Exercise description:
In this exercise, retype exactly the lines from the start of the entries through the line bearing "36 dés 6 12mm", leaving every picture out.

Records supplied:
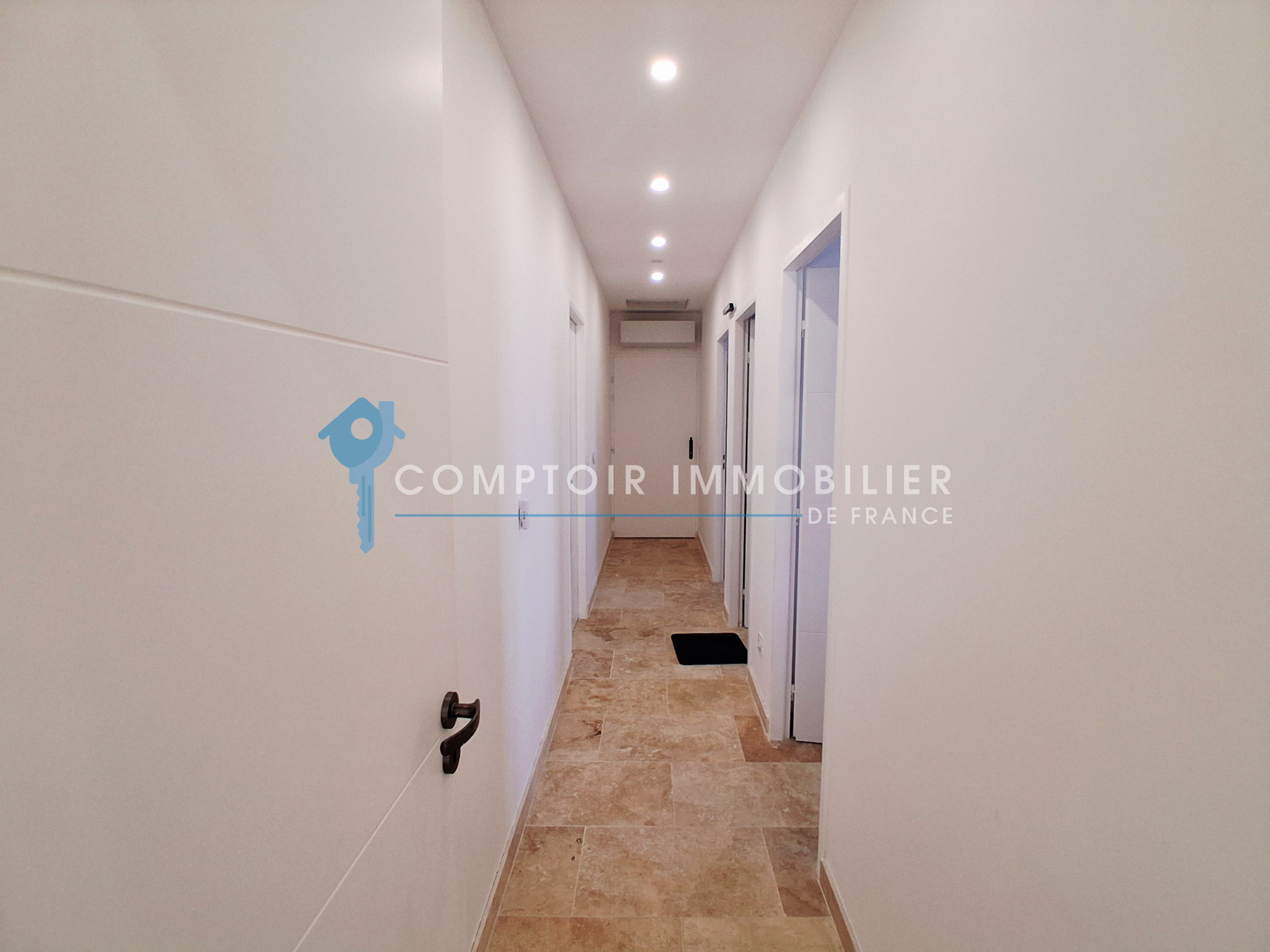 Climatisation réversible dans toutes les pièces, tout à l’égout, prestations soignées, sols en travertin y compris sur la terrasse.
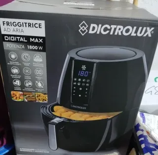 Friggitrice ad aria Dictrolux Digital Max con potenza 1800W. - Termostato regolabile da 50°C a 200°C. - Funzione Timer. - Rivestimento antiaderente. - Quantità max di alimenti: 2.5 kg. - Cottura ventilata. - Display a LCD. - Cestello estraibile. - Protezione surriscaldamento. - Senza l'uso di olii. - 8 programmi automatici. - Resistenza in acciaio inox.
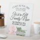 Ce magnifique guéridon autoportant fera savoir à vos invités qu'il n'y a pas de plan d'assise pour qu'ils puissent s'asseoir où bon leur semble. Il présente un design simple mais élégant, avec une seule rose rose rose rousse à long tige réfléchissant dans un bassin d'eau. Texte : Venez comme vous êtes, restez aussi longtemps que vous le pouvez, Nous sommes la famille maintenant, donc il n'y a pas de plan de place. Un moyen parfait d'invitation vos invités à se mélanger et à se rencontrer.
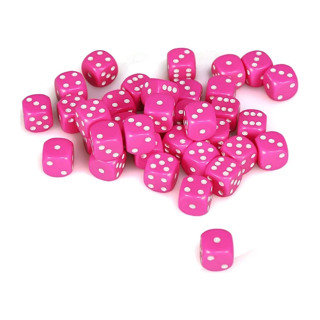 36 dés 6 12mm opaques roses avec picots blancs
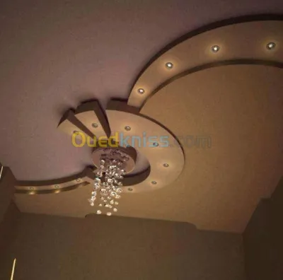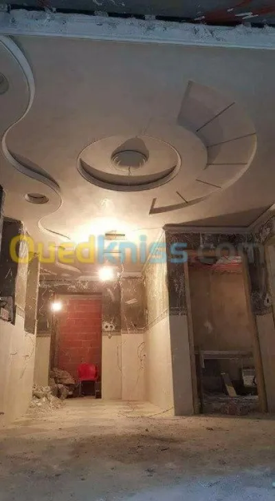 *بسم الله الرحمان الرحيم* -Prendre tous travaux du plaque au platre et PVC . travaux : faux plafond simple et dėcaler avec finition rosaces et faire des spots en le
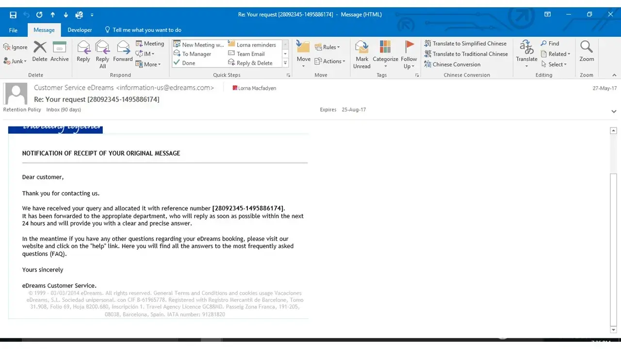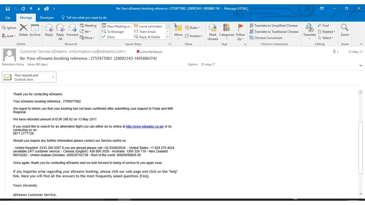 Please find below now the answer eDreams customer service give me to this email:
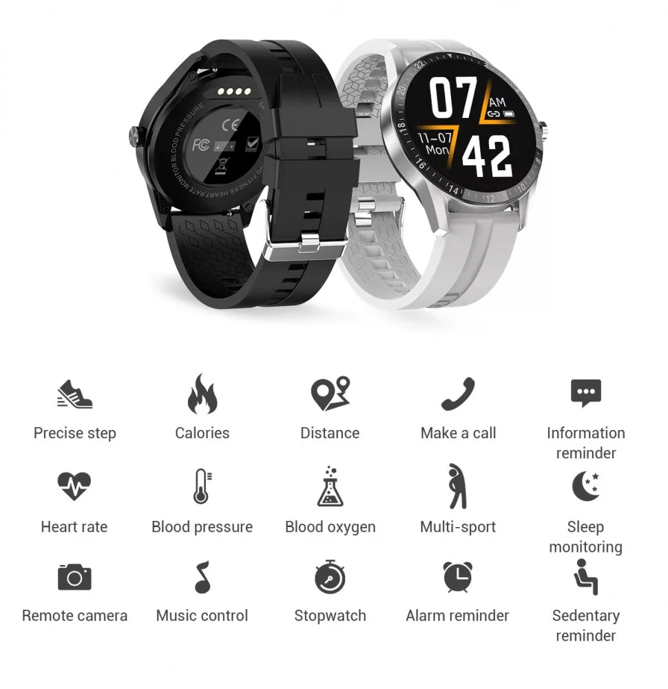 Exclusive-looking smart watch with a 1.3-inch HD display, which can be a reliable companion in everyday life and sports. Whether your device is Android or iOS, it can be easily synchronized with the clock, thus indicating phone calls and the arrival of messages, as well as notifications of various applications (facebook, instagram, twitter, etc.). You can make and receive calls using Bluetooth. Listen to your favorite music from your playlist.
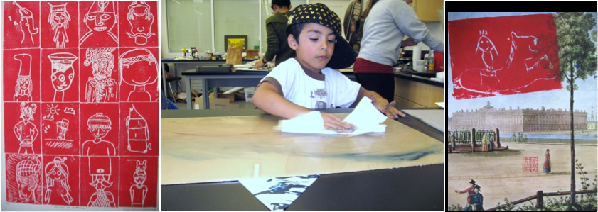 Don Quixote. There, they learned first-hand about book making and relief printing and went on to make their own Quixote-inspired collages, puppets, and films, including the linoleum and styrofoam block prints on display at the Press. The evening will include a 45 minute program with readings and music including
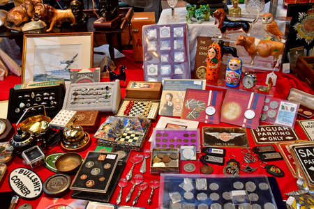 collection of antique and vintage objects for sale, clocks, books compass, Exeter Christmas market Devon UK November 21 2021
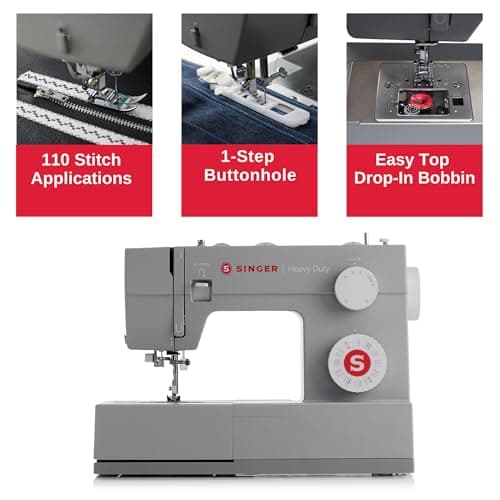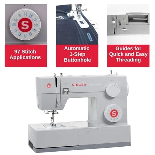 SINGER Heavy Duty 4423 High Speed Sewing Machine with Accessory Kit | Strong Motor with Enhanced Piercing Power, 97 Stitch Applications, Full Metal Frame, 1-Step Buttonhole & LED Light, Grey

Result for this task:
 Climatisation réversible dans toutes les pièces, tout à l’égout, prestations soignées, sols en travertin y compris sur la terrasse.
 Friggitrice ad aria Dictrolux Digital Max con potenza 1800W. - Termostato regolabile da 50°C a 200°C. - Funzione Timer. - Rivestimento antiaderente. - Quantità max di alimenti: 2.5 kg. - Cottura ventilata. - Display a LCD. - Cestello estraibile. - Protezione surriscaldamento. - Senza l'uso di olii. - 8 programmi automatici. - Resistenza in acciaio inox.
 Ce magnifique guéridon autoportant fera savoir à vos invités qu'il n'y a pas de plan d'assise pour qu'ils puissent s'asseoir où bon leur semble. Il présente un design simple mais élégant, avec une seule rose rose rose rousse à long tige réfléchissant dans un bassin d'eau. Texte : Venez comme vous êtes, restez aussi longtemps que vous le pouvez, Nous sommes la famille maintenant, donc il n'y a pas de plan de place. Un moyen parfait d'invitation vos invités à se mélanger et à se rencontrer.
 36 dés 6 12mm opaques roses avec picots blancs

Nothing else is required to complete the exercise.